### WORK REQUEST
Only one span is wanted from the lines below: from the one with "5.4. Experiment 4: Smart" up to and including the one with "ومن الخلف، فإن". Copy it exactly, without images.

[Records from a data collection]
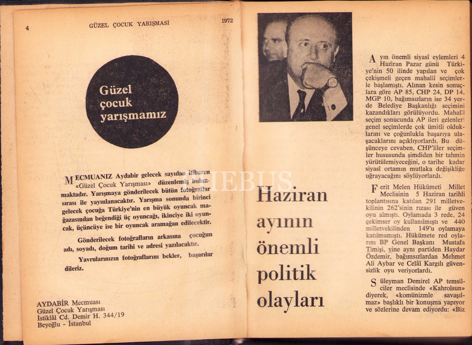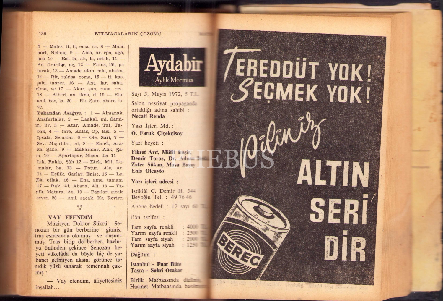 AYDABİR dergisinin 1972 tarihli ilk 12 sayısı [2 cilt], 13x19 cm, birinin sırtı ayrık haliyle
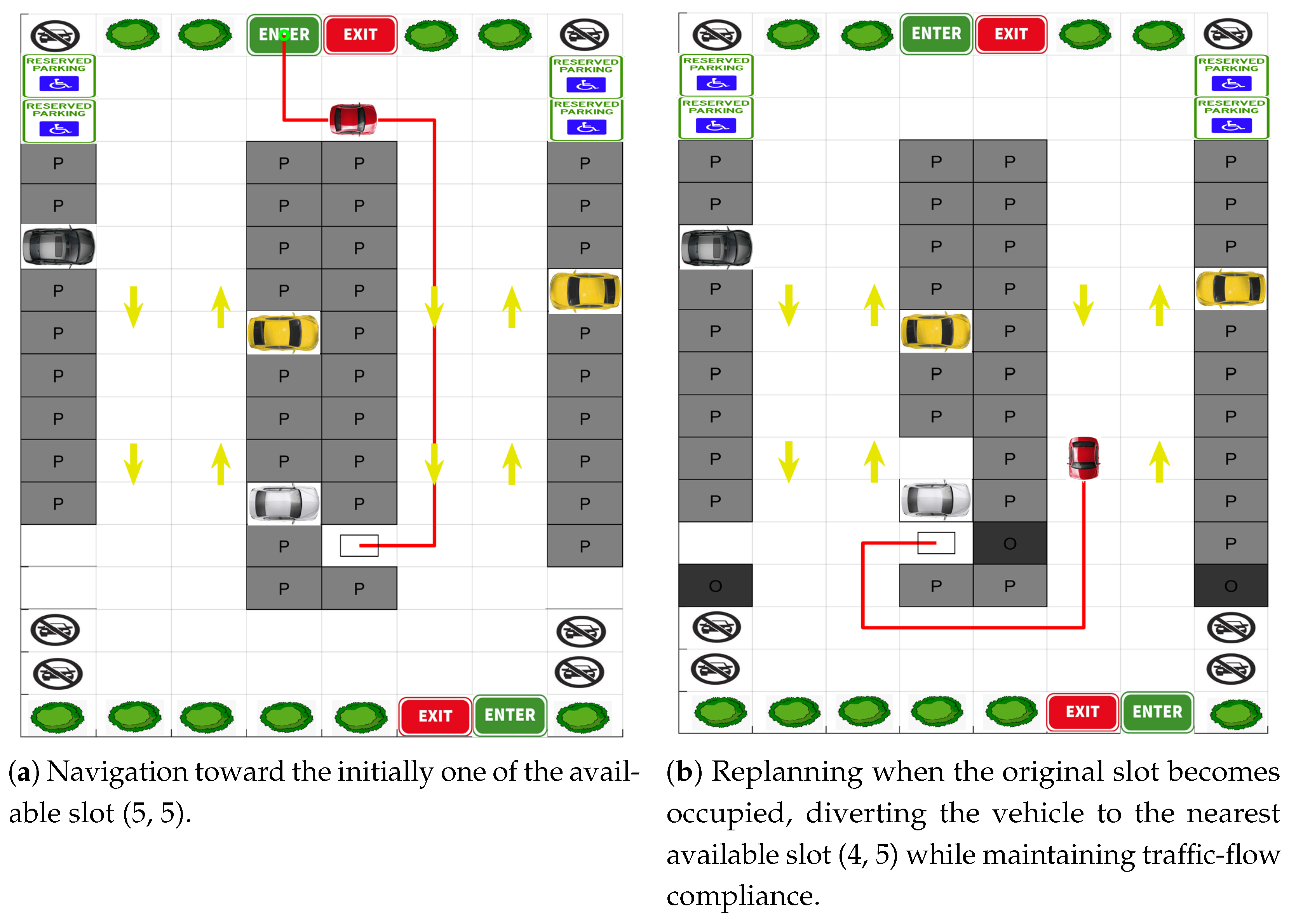 5.4. Experiment 4: Smart Parking with Dynamic Goal Reassignment
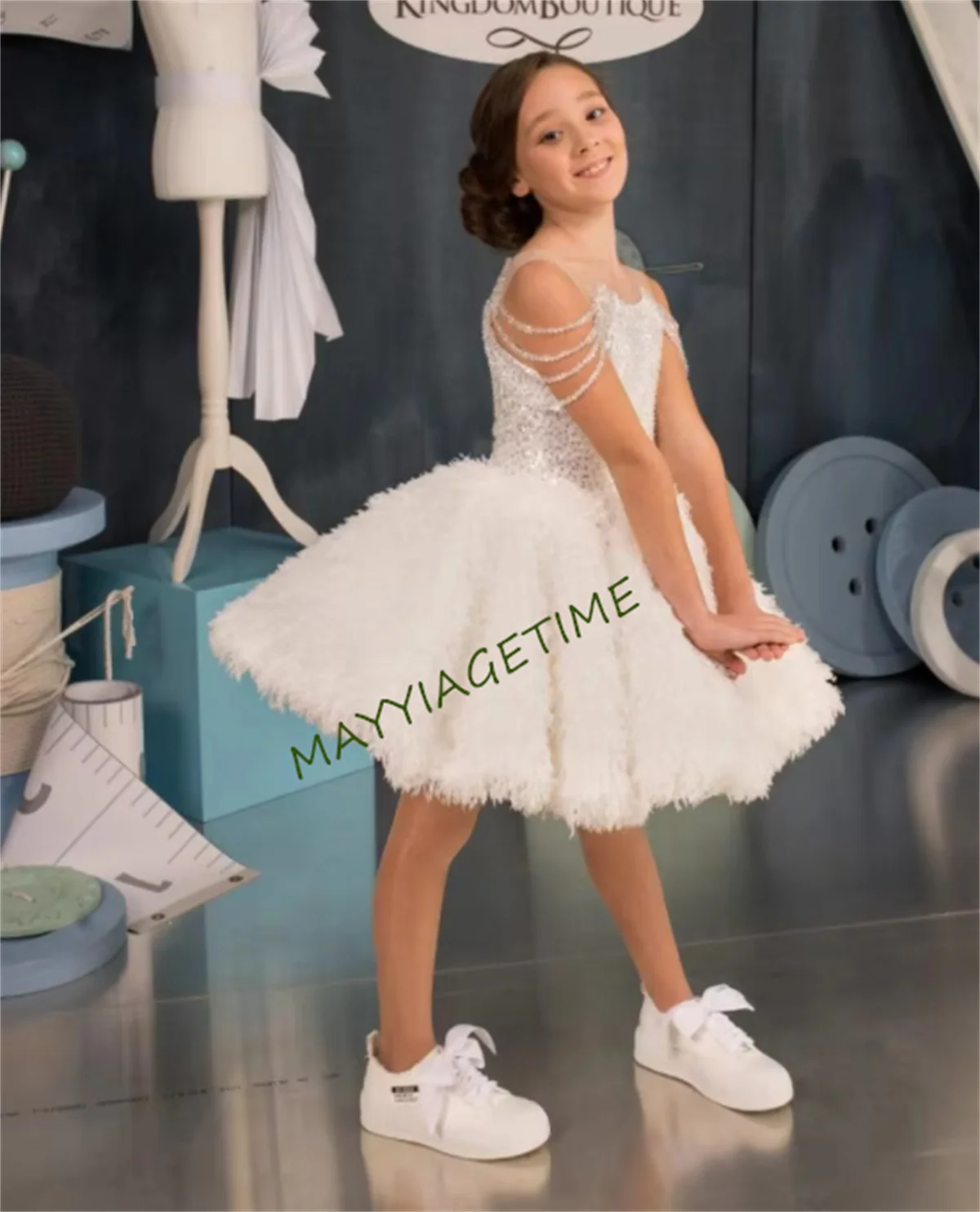 Платье цвета слоновой кости на заказ для маленьких девочек, пышные платья для девочек, блестящее платье для причастия с блестками, платья длиной до колена для девочек-цветочниц, детские D
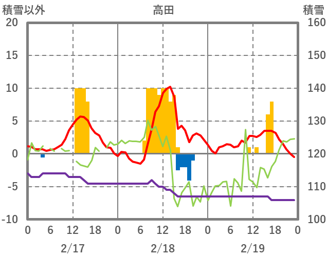 | 日 | 時 | 気温 | 降水 | 風向/風速 | 日照 | 積雪 | 降雪 |
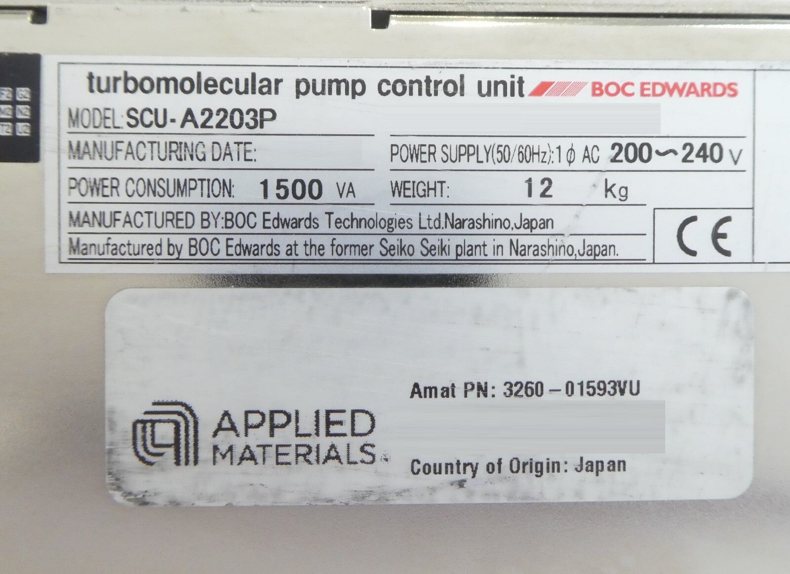This Edwards SCU-A2203P is working surplus. The physical condition is good, but there are signs of previous use and handling.
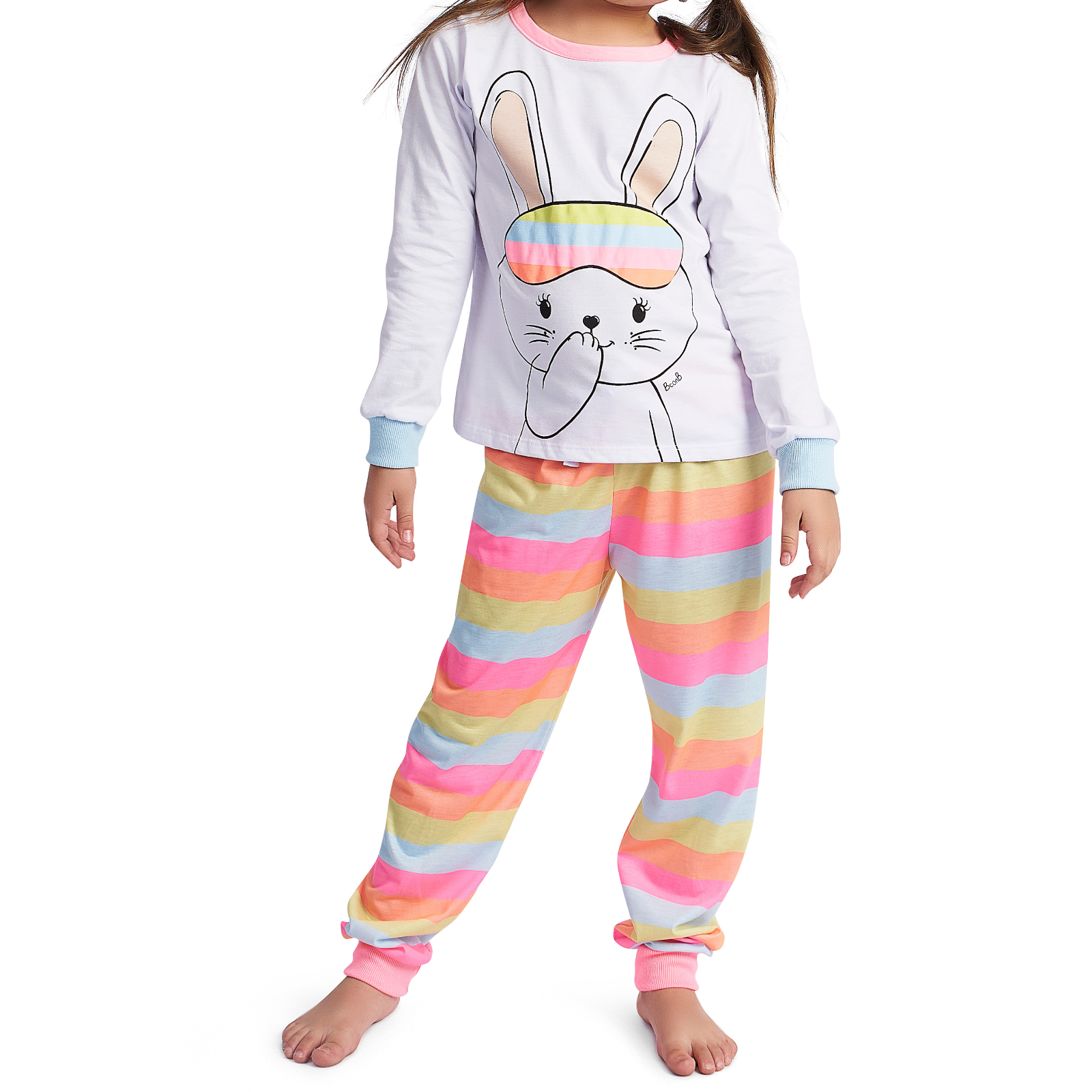 Blusa e Calça em meia malha. Um modelo quentinho, leve e confortável, ideal para sua Kidszinho usar nos seus dias de sono. Blusa Infantil manga longa possui modelagem soltinha estampa frontal de coelhinho com detalhe em alto relevo de tapa olho em cores neon, sua Kidszinho vai arrasar. A Calça possui estampa rotativa listrada em neon, possuiu elástico confortável no cós com cordão fake. Um conjunto que não pode ficar de fora dos looks de sua Kidszinho.
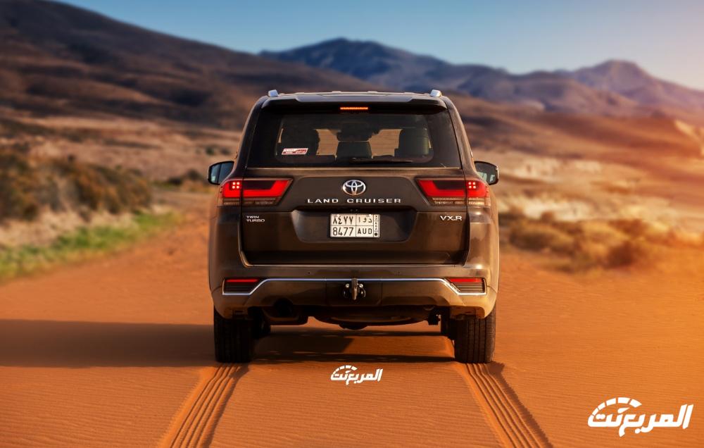 ومن الخلف، فإن السيارة تبدو بالمظهر الفاخر أيضًا والذي يوحي بالقوة التي تعطيها السيارة، حيث جاءت بمصابيح خلفية تعمل بتقنية الـ “LED” مع إشارات الانعطاف الخلفية التتابعية، ورذاذ ماء للكاميرا الخلفية، فضلا عن وجود الجناح الخلفي البارز أمامكم في صور تويوتا لاندكروزر 2024، مع وجود خطاف خلفي لجر العربات.
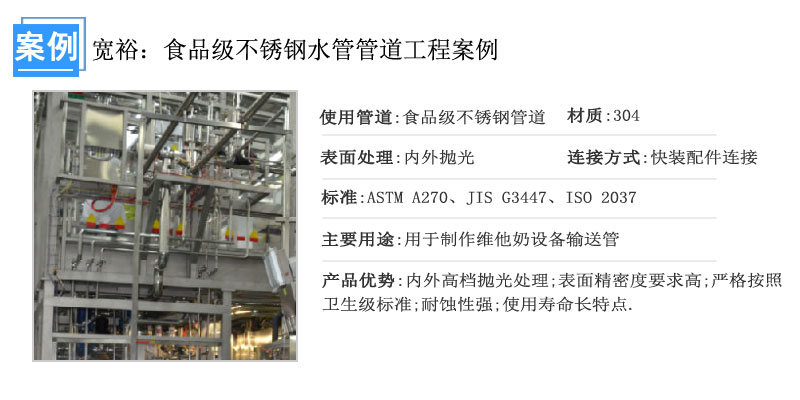 而這次寬裕的合作伙伴佛山維他奶也是采用寬裕衛生級不銹鋼管,衛生級(食品級)不銹鋼管在制藥、食品、啤酒、飲用水、生物工程、化學工程、空氣凈化、航空、核工業 等國民經濟建設多領域多行業上廣泛地應用,每年有大量的進口。這里介紹本廠生產衛生級(食品級)不銹鋼管的工藝與設備、管的性能與質量。
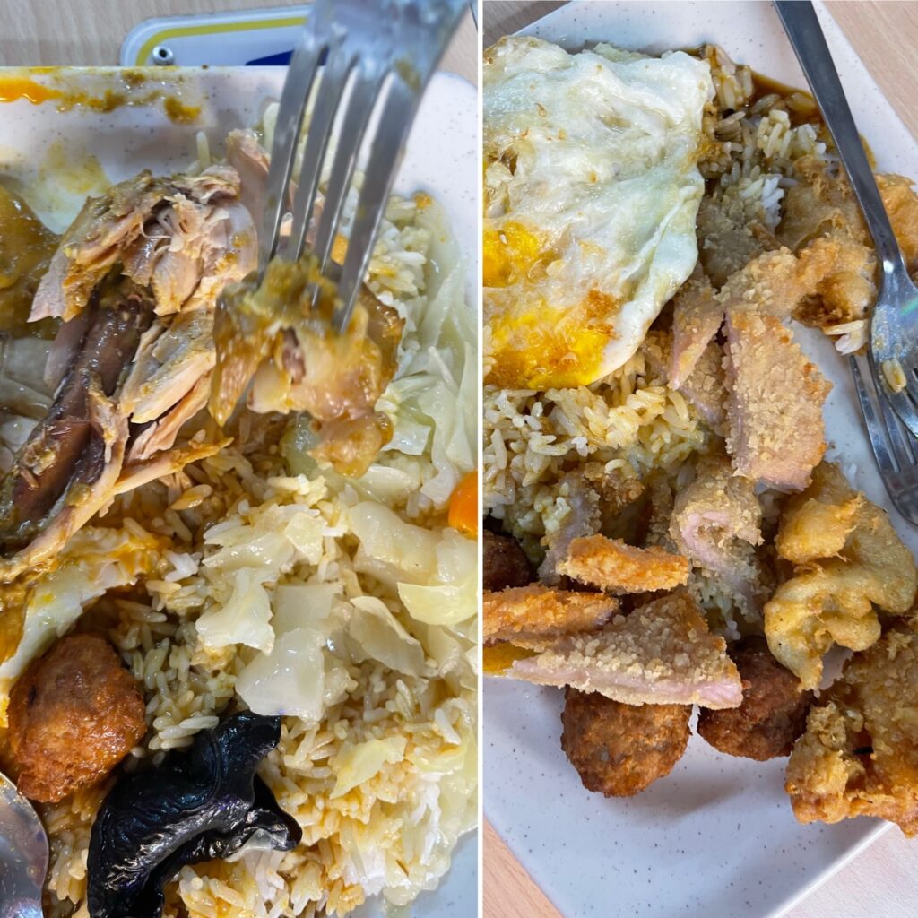 Reggelizni egy kb 200 méterre levő piacra mentünk – ami leginkább nem is piac, hanem egy piac jellegű tér, ahol mindenféle kifőzdék vannak. Gyakorlatilag az a hely ahol előző nap voltunk meg ez abban különbözik egymástól, hogy oda a turisták járnak kajálni, ide meg a helyiek és hogy itt az árak csöppet alacsonyabbak… mondjuk úgy 50%kal – ugyanakkor a kaják ugyanolyan zseniálisak, ízletesek, az adagok pedig jókorák. ‼️ A kontinentális reggelihez szokott olvasóknak a nyugalom megzavarására alkalmas részletek következnek ‼️ (akik meg ugye INTERKONTINENTÁLIShoz szoktak nekik már most készítsenek ki egy komolyabb savlekötőt is!) Az útitársaim is főleg a klasszikus rántotta, sonka, kenyér, vaj kombó felé orientálódtak volna, de végül a következők landoltak a tányérokban: rizs, csirkepaprikás combból, rántott hal, párolt zöldségek (leginkább olyan mint ami a kínaikban szerzetesek eledele néven futott régen), rántott sertés ollóval feldarabolva, húsgolyócskák, szójaszósz. Erős indítás volt asszem, de hát valamiből kell az energia 🙃.
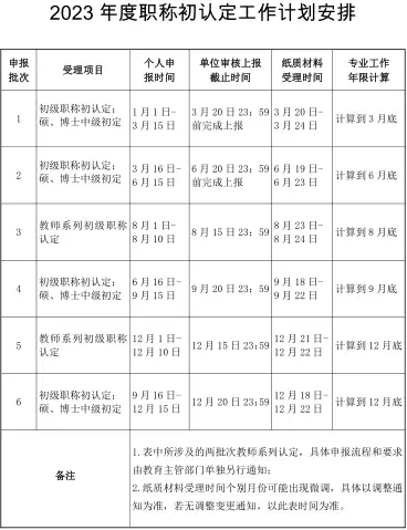 区人力社保局 2023 年职称初(认)定发文安排四次,发文时间为 2023 年 4 月、2023 年 7 月、2023 年 10 月、2024 年 1 月,资格取得时间分别是 2023 年 3 月 31 日、2023 年 6 月 30 7 日、2023 年 9 月 31 日、2023 年 12 月 31 日,专业工作年限计算到当月底。
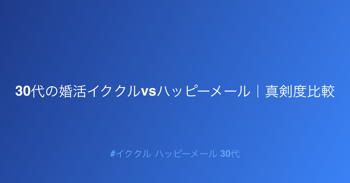 ✅ イククル ハッピーメール 30代について、効果的な活用方法や成功のコツを解説します。
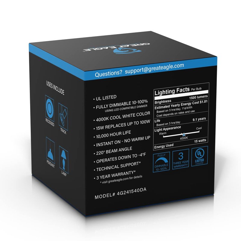 Great Eagle Lighting Corporation 15W (100W Equivalent) GU24 LED Light Bulb Dimmable 4000K Cool White, UL, replace CFL Twist-in 2 Prong (4-Pack)
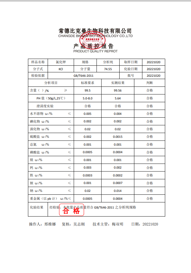 110702032 氯化鉀 AR 分析純 500g瓶 20221020

### SOLUTION
 5.4. Experiment 4: Smart Parking with Dynamic Goal Reassignment
 Платье цвета слоновой кости на заказ для маленьких девочек, пышные платья для девочек, блестящее платье для причастия с блестками, платья длиной до колена для девочек-цветочниц, детские D
 | 日 | 時 | 気温 | 降水 | 風向/風速 | 日照 | 積雪 | 降雪 |
This Edwards SCU-A2203P is working surplus. The physical condition is good, but there are signs of previous use and handling.
 Blusa e Calça em meia malha. Um modelo quentinho, leve e confortável, ideal para sua Kidszinho usar nos seus dias de sono. Blusa Infantil manga longa possui modelagem soltinha estampa frontal de coelhinho com detalhe em alto relevo de tapa olho em cores neon, sua Kidszinho vai arrasar. A Calça possui estampa rotativa listrada em neon, possuiu elástico confortável no cós com cordão fake. Um conjunto que não pode ficar de fora dos looks de sua Kidszinho.
 ومن الخلف، فإن السيارة تبدو بالمظهر الفاخر أيضًا والذي يوحي بالقوة التي تعطيها السيارة، حيث جاءت بمصابيح خلفية تعمل بتقنية الـ “LED” مع إشارات الانعطاف الخلفية التتابعية، ورذاذ ماء للكاميرا الخلفية، فضلا عن وجود الجناح الخلفي البارز أمامكم في صور تويوتا لاندكروزر 2024، مع وجود خطاف خلفي لجر العربات.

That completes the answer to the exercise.